Scopes, M2M, and APIs with resource servers - Amazon Cognito

Scopes, M2M, and APIs with resource servers

After you configure a domain for your user pool, Amazon Cognito automatically provisions an OAuth 2.0 authorization server and a hosted web UI with sign-up and sign-in pages that your app can present to your users. For more information see User pool managed login. You can choose the scopes that you want the authorization server to add to access tokens. Scopes authorize access to resource servers and user data.

A resource server is an OAuth 2.0 API server. To secure access-protected resources, it validates that access tokens from your user pool contain the scopes that authorize the requested method and path in the API that it protects. It verifies the issuer based on the token signature, validity based on token expiration time, and access level based on the scopes in token claims. User pool scopes are in the access token scope claim. For more information about the claims in Amazon Cognito access tokens, see Understanding the access token.

With Amazon Cognito, the scopes in access tokens can authorize access to external APIs or to user attributes. You can issue access tokens to local users, federated users, or machine identities.

API authorization

The following are some of the ways that you can authorize requests to APIs with Amazon Cognito tokens:

Access token

When add an Amazon Cognito authorizer to a REST API method request configuration, add Authorization scopes to the authorizer configuration. With this configuration, your API accepts access tokens in the Authorization header and reviews them for accepted scopes.

ID token

When you pass a valid ID token to an Amazon Cognito authorizer in your REST API, API Gateway accepts the request and passes the ID token contents to the API backend.

Amazon Verified Permissions

In Verified Permissions, you have the option to create an API-linked policy store. Verified Permissions creates and assigns a Lambda authorizer that processes ID or access tokens from your request Authorization header. This Lambda authorizer passes your token to your policy store, where Verified Permissions compares it to policies and returns an allow or deny decision to the authorizer.

Machine-to-machine (M2M) authorization

Amazon Cognito supports applications that access API data with machine identities. Machine identities in user pools are confidential clients that run on application servers and connect to remote APIs. Their operation happens without user interaction: scheduled tasks, data streams, or asset updates. When these clients authorize their requests with an access token, they perform machine to machine, or M2M, authorization.
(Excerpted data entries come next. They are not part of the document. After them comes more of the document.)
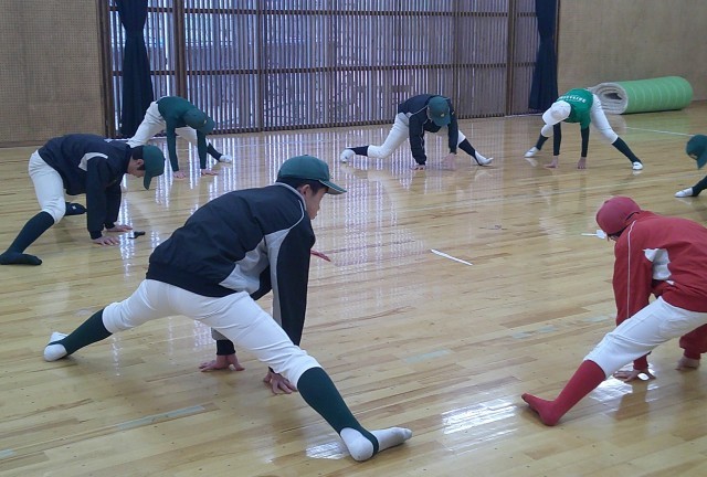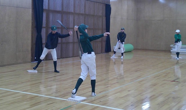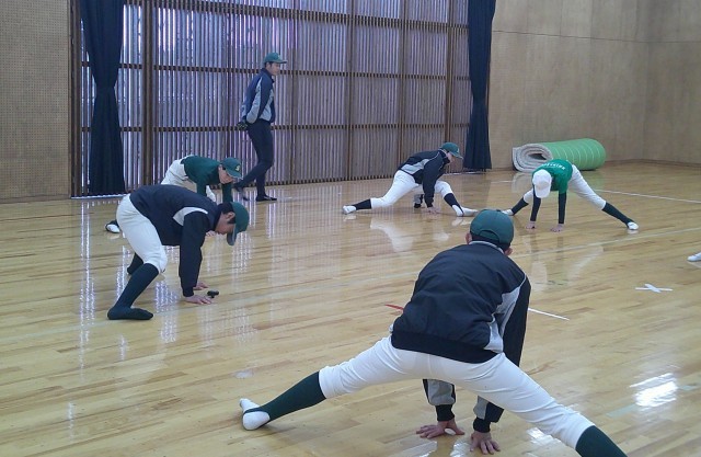 武道館では、野球部が活動しています。地道なトレーニングに励んでいます。冬の頑張りは、必ず春につながります。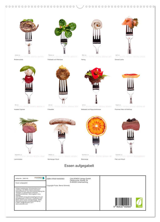 Leckeres Essen auf einer Gabel (Monatskalender, 14 Seiten) Essen und Lebensmittel in Nahaufnahmen auf einer Gabel präsentiert. Die Redaktion hat d...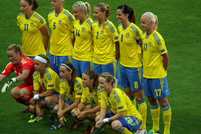 Svenska damlandslaget i fotboll spelar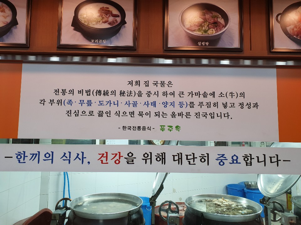 만약 프림이나 우유, 수입 사골 분말, 땅콩가루 등 어떠한 첨가물을 넣어 농탁하게 한 것이면 10억 원을 배상하겠다고 쓰여져 있습니다 푸주옥만의 자부심이 느껴지는 부분이었습니다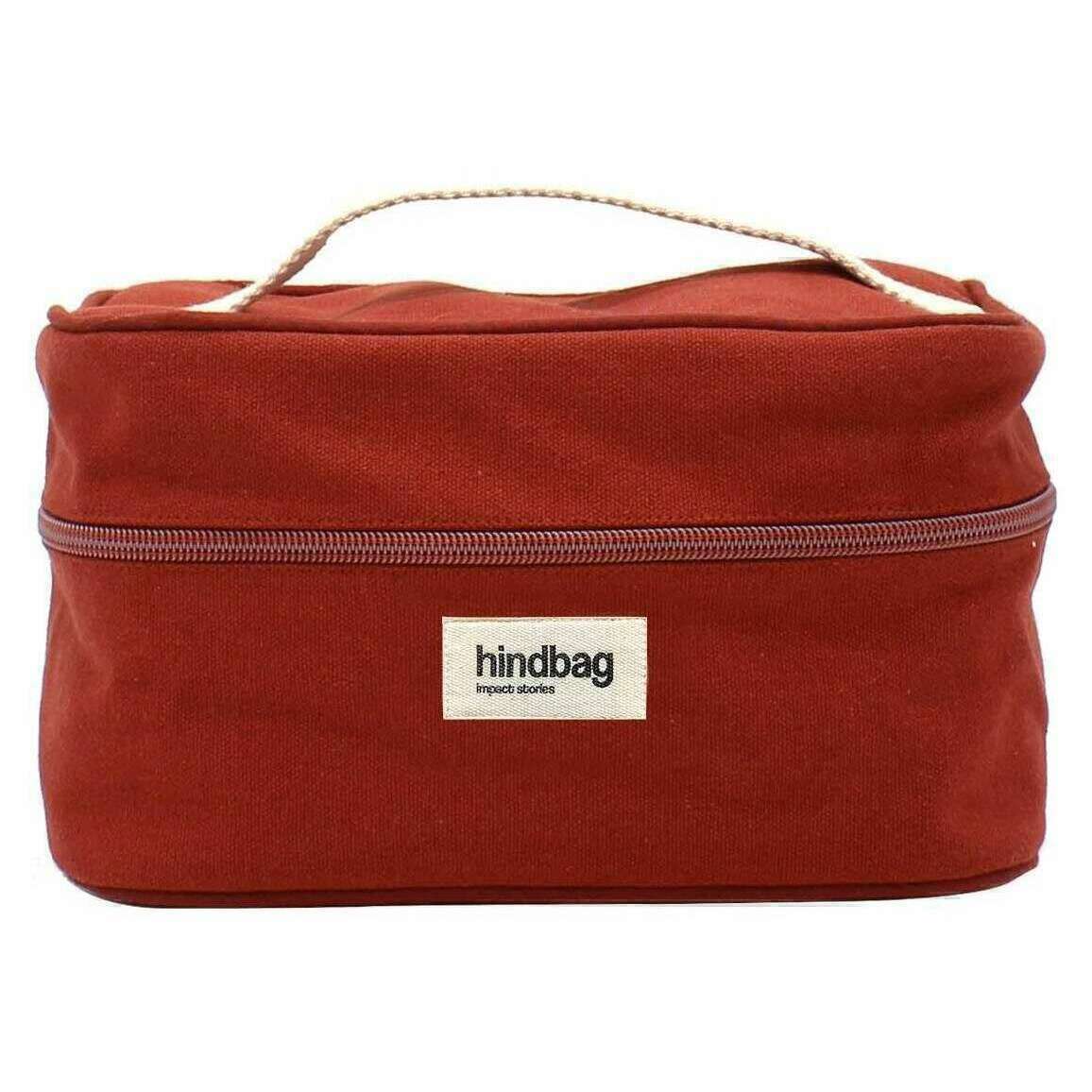 This well made unisex gaspard vanity bag from Hindbag comes in a terracotta red colour and is manufactured from 100% organic cotton. It measures 13.5cm(height) x 16cm(width) x 25cm(depth). All the bags come complete with hindbag packaging. The Hindbag Gaspard Vanity Bag - Terracotta Red offers travellers and everyday users alike a convenient and stylish way to keep their toiletries organized and accessible. The interior net is perfect for neatly arranging toiletries, cosmetics, and other personal items. Available in a range of colours, this fashionable accessory represents a harmonious fusion of functionality and aesthetics, catering to those who value both style and practicality in their journey.

In M2M authorization, a shared secret replaces user credentials in access control.

An application that accesses an API with M2M authorization must have a client ID and client secret. In your user pool, you must build an app client that supports client credentials grants. To support client credentials, your app client must have a client secret and you must have a user pool domain. In this flow, your machine identity requests an access token directly from the Token endpoint. You can authorize only custom scopes from resource servers in access tokens for client credentials grants. For more information about setting up app clients, see Application-specific settings with app clients.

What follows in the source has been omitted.